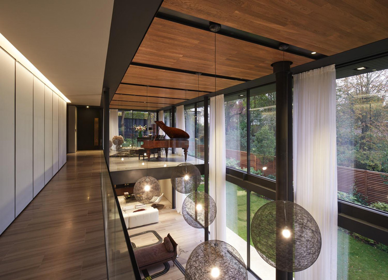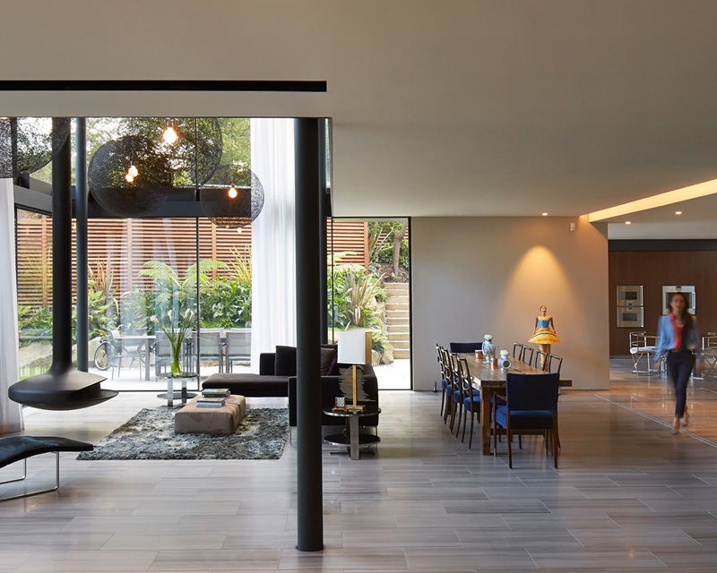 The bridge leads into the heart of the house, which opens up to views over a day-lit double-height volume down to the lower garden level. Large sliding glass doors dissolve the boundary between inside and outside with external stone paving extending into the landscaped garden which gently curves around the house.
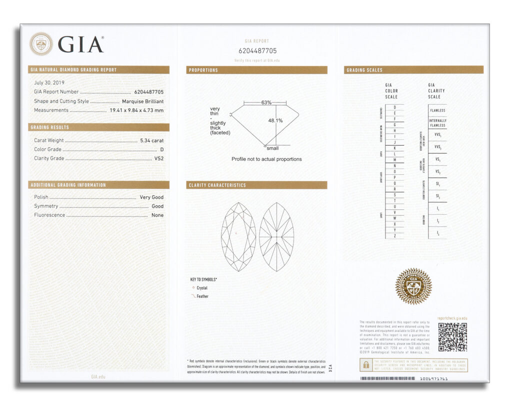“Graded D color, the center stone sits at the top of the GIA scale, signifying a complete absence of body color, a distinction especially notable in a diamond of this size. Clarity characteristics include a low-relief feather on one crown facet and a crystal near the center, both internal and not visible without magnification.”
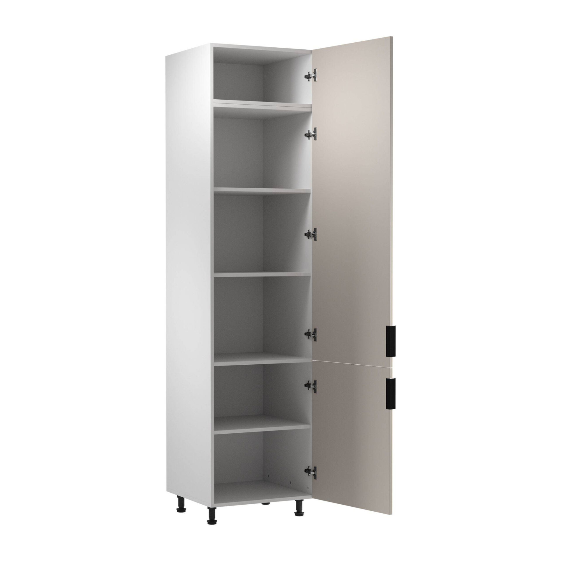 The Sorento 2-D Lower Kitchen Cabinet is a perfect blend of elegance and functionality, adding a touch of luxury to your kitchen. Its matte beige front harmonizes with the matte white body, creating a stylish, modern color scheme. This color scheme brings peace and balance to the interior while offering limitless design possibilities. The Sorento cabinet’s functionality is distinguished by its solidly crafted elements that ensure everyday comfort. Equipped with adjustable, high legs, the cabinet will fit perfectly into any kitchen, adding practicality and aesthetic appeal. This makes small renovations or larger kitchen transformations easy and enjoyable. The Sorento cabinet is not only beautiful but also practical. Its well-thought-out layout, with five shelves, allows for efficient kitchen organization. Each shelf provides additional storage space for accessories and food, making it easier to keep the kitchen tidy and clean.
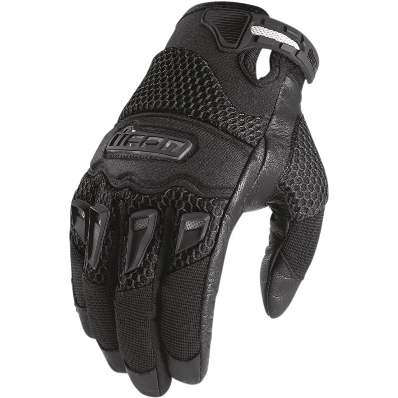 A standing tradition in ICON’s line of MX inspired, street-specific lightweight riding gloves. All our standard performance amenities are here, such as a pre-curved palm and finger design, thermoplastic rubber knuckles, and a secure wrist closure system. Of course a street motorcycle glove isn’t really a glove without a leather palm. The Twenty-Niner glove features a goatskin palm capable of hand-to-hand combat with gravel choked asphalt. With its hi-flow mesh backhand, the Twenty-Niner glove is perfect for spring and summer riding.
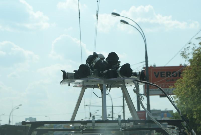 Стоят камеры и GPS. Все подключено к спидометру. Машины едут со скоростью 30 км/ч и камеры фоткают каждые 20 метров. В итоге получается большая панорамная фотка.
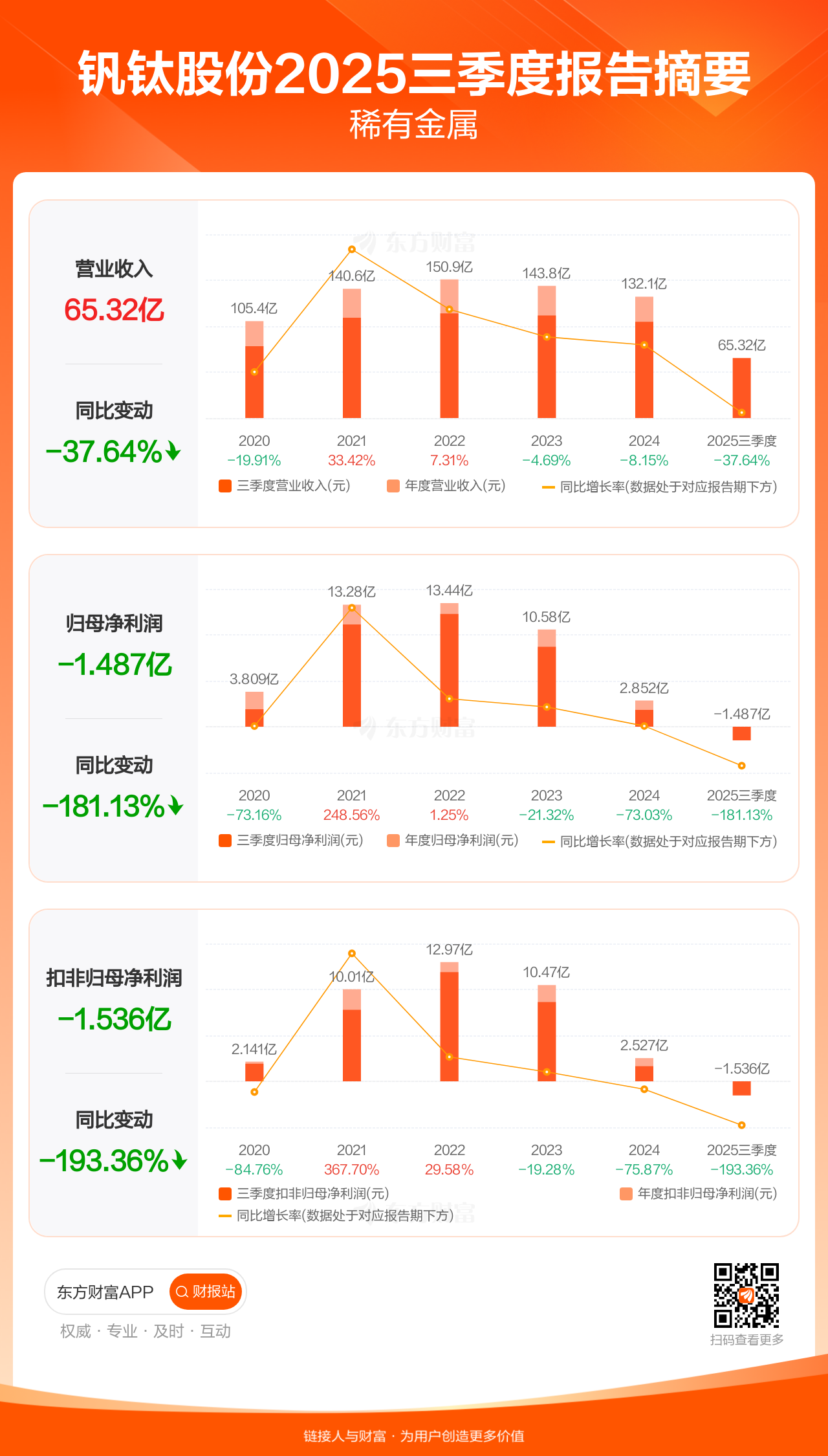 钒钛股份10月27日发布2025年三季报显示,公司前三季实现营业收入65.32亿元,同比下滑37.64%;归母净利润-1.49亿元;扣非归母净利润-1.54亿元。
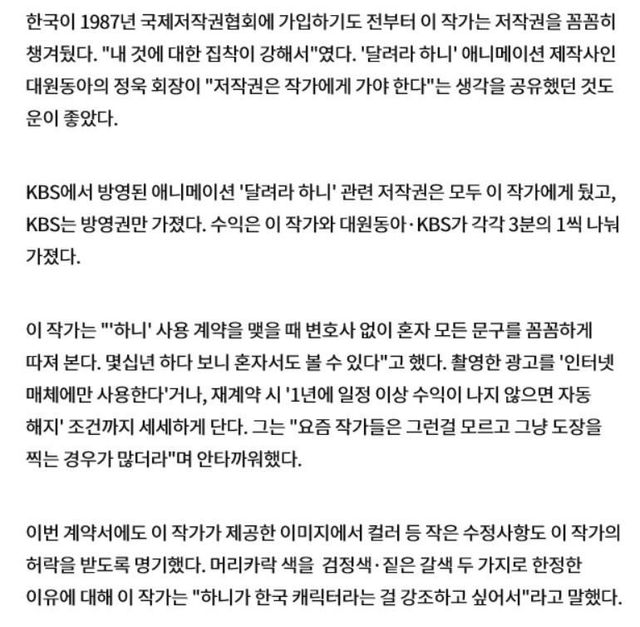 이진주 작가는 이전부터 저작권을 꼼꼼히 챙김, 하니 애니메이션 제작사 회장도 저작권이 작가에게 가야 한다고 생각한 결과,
--
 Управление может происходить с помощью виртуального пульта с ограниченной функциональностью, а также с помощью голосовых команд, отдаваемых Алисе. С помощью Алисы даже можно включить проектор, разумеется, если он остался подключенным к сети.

* _What the task requires_: Output exactly the lines of the listing above that start with the one holding "The bridge leads" and go on through the one holding "D color, the"; leave the pictures out.

* _Expected answer_:
 The bridge leads into the heart of the house, which opens up to views over a day-lit double-height volume down to the lower garden level. Large sliding glass doors dissolve the boundary between inside and outside with external stone paving extending into the landscaped garden which gently curves around the house.
“Graded D color, the center stone sits at the top of the GIA scale, signifying a complete absence of body color, a distinction especially notable in a diamond of this size. Clarity characteristics include a low-relief feather on one crown facet and a crystal near the center, both internal and not visible without magnification.”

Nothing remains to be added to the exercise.